In her Thursday TED Talk — “The Price of Shame” — Monica Lewinsky addressed cyberbullying and the necessity of taking back control of her narrative.
“Like me, at 22, a few of you may also have taken wrong turns by falling in love with the wrong person. Maybe even your boss. Unlike me, though, your boss probably wasn’t the president of the United States of America,” she said. Lewinsky detailed the pain of suddenly finding herself a publicly humiliated figure, which led to a decade of public silence. She reemerged in the public eye last May, penning an essay for Vanity Fair about the aftermath of her affair with Bill Clinton.
Lewinsky called herself “patient zero” of internet-shaming: Her story was leaked to the website Drudge Report when Newsweek delayed its publication, leading the New York Times to suggest that it was first time a story of such consequence broke online.
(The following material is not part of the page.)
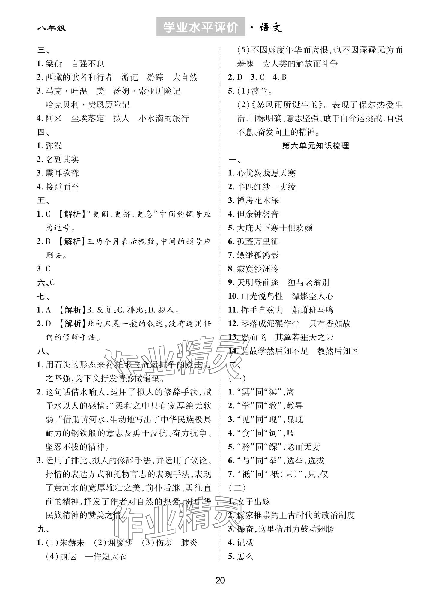 注:目前有些书本章节名称可能整理的还不是很完善,但都是按照顺序排列的,请同学们按照顺序仔细查找。练习册 2024年学业水平评价同步检测卷八年级语文下册人教版 答案主要是用来给同学们做完题方便对答案用的,请勿直接抄袭。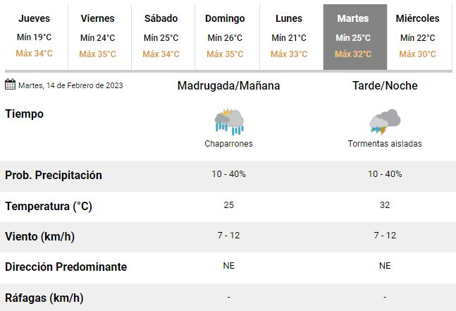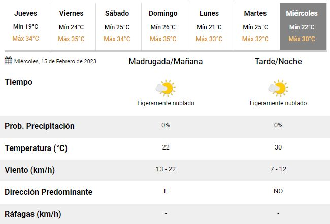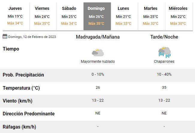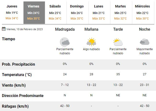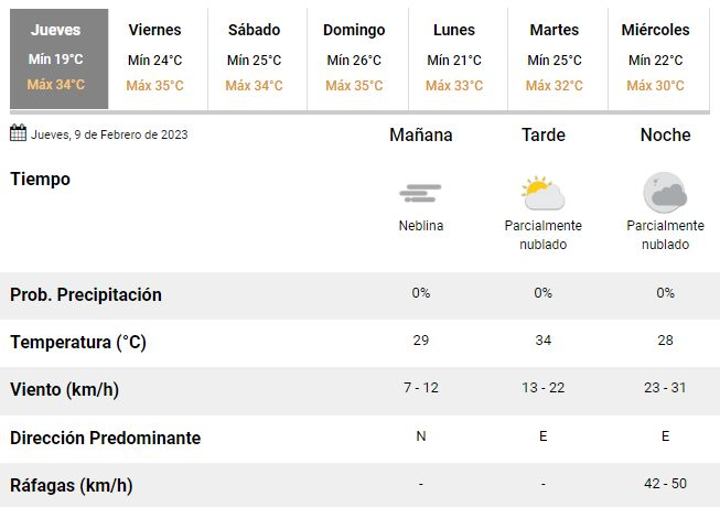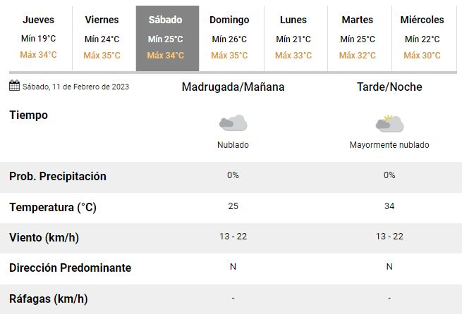 El pronóstico del organismo indica que este jueves la temperatura oscilará entre 19 y 34°C, prevé máximas de 35°C para el viernes y predice picos de 34 y 35°C a lo largo de los próximos sábado y domingo, respectivamente.

Lewinsky recalled being branded a tramp, a slut, a whore, and a bimbo; she became the butt of jokes on every late-night talk show. “Now I admit I made mistakes — especially wearing that beret — but the attention and judgment that I received — not the story, but that I personally received — was unprecedented,” she said.
She acknowledged how normalized online bullying and shaming has become, while also pointing out the continued human consequences. (Like the 2010 death of Tyler Clementi, a gay Rutgers student who committed suicide after being cyberbullied.)
Before an audience of 1,400, Lewinsky called for an end to public shame fueled by the internet, calling it “a blood sport [that] has to stop.”